The agreement reached between Iran and six world powers (the United States, China, France, Russia, the United Kingdom, and Germany) led by US President Barack Obama has mind-numbingly weak enforcements provisions.  We are now left to wonder how this could possibly have happened.

While the deal is not likely to stop Iran from developing nuclear weapons, it will lead to the lifting of the crippling sanctions against Iran, strengthening the Islamist regime and improving its ability to export terror. The deal is so obviously flawed that it is hard to believe that Obama approved it and is now its prime defender, with the full support of Hillary Clinton, his likely successor. The usual anti-Obama theories are of course all over the Internet: he is really a Muslim, he is anti-American, he is an idiot, and so on. None of this is true.

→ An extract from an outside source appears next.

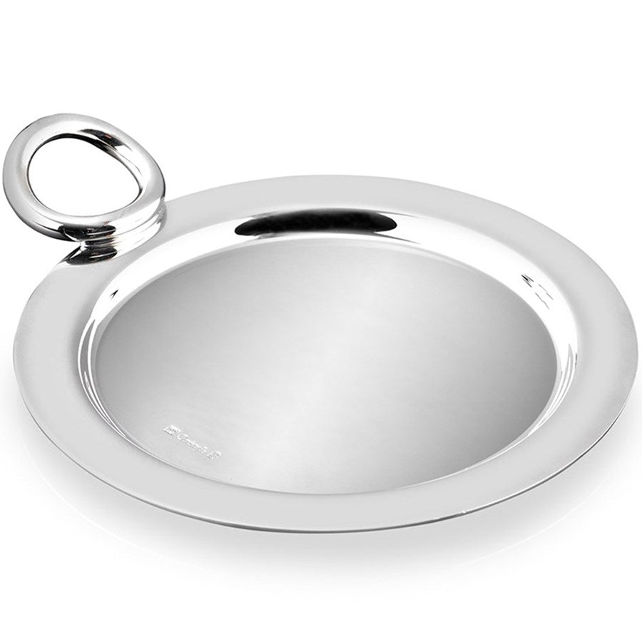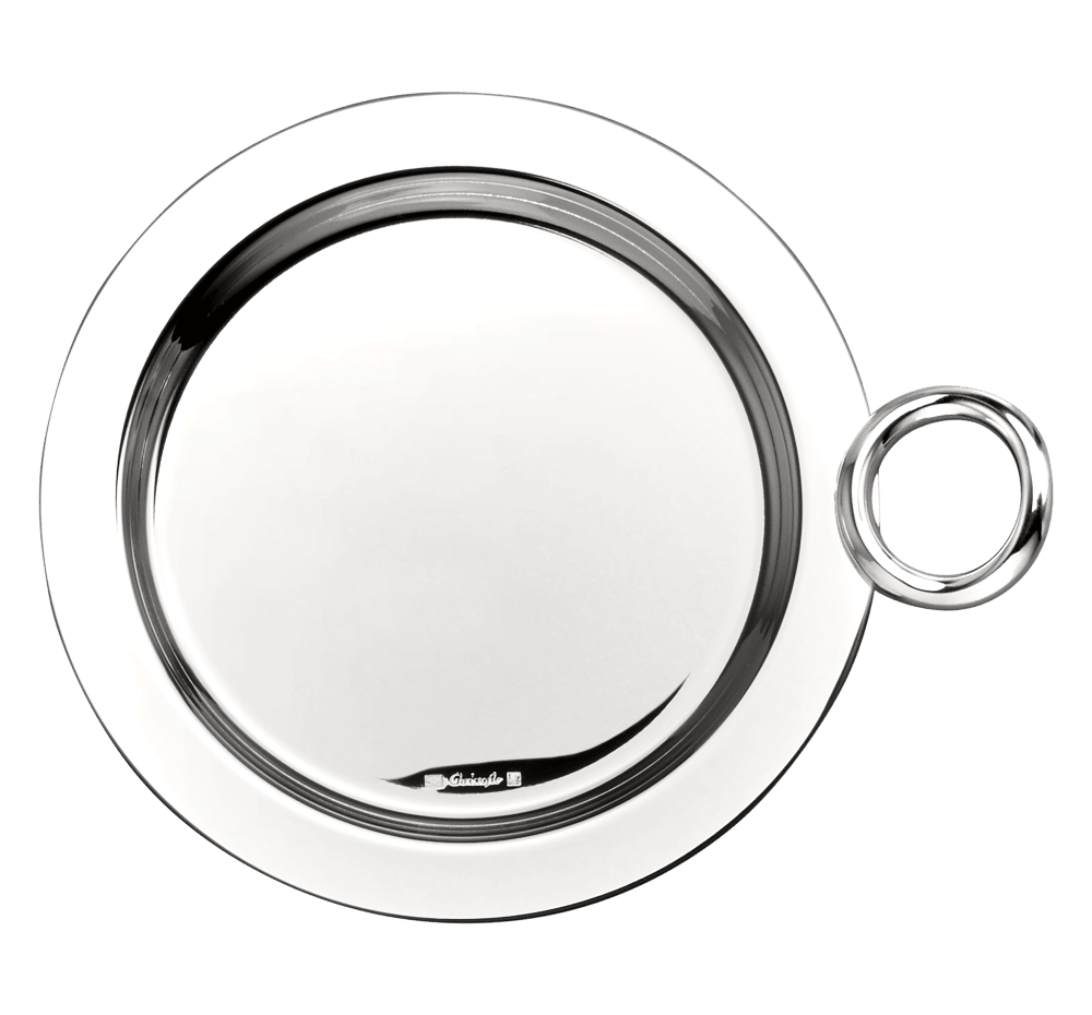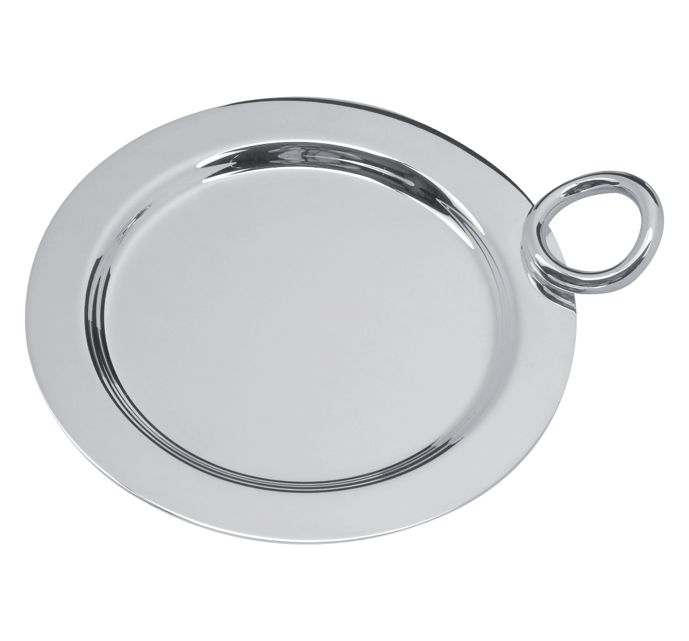 The silver plated coaster in the Vertigo pattern is designed to hold wine and water bottles as well as carafes and protect the table from condensation rings. Vertigo’s bold motif — a subtly asymmetrical, thick ring often placed playfully askew — can be found on every piece in the collection designed by Andrée Putman.

The most rational explanation I have heard about the reason why the six world powers agreed to this deal is one that Obama will not admit publicly, but it makes perfect sense: The sanctions against Iran were going to unravel anyway. Russia and China were anxious to lift the sanctions and would likely have done so if no deal was reached. The deal was the only way to avoid leaving Iran completely free to pursue its nuclear ambitions.  At least the deal allows for some restrictions and some enforcement, even if woefully inadequate.

If this is true, it means that a US Republican administration would have reached the same deal with Iran. It means that the US Congress will kick and scream but will not reverse the deal. It also means that in the fight of the civilized world against Islamic extremism, Israel is now alone. And it explains why Israel is now the only country openly and loudly denouncing the deal.

In his 2006 book “America Alone”, Mark Steyn argues that America is left alone fighting an Islamic extremism that is threatening to destroy civilization as we know it. It turns out that Steyn got the country wrong. The only country still left to fight Islamic extremism is Israel. In a rare show of unity, the government and the opposition in Israel are both solidly against the deal. Unlike Western nations, Israelis know that the threat of Islamic extremism is real. They know it because they are surrounded by it, and they are fighting it every day.

Americans, Europeans, and Canadians are aware of the threat, but they are still under the illusion that the threat can be contained using minimal effort while their consumer-oriented economies continue on their merry way. What’s more, with the emergence of non-Western economic powers, such as China, who do not feel threatened by Islamic terrorism, the West is capitulating.

After Iraq, the US lost the willingness to fight wars, and frankly I cannot blame them, but what’s even more worrying is that with the US’s waning relative economic power, it has also lost its ability to apply economic sanctions. The Western effort in the war against Daesh is only symbolic.  Once Daesh is more established, we can expect that appeasement will be attempted with them as well.

Israel was alone in fighting Arab coalitions, and she is now alone against the terrorist regime of Iran. One day she will also be alone against Daesh. The world will eventually wake up to the realization that Israel was the canary in the mine and that Islamic extremism has become an unstoppable force. By then it will likely be too late.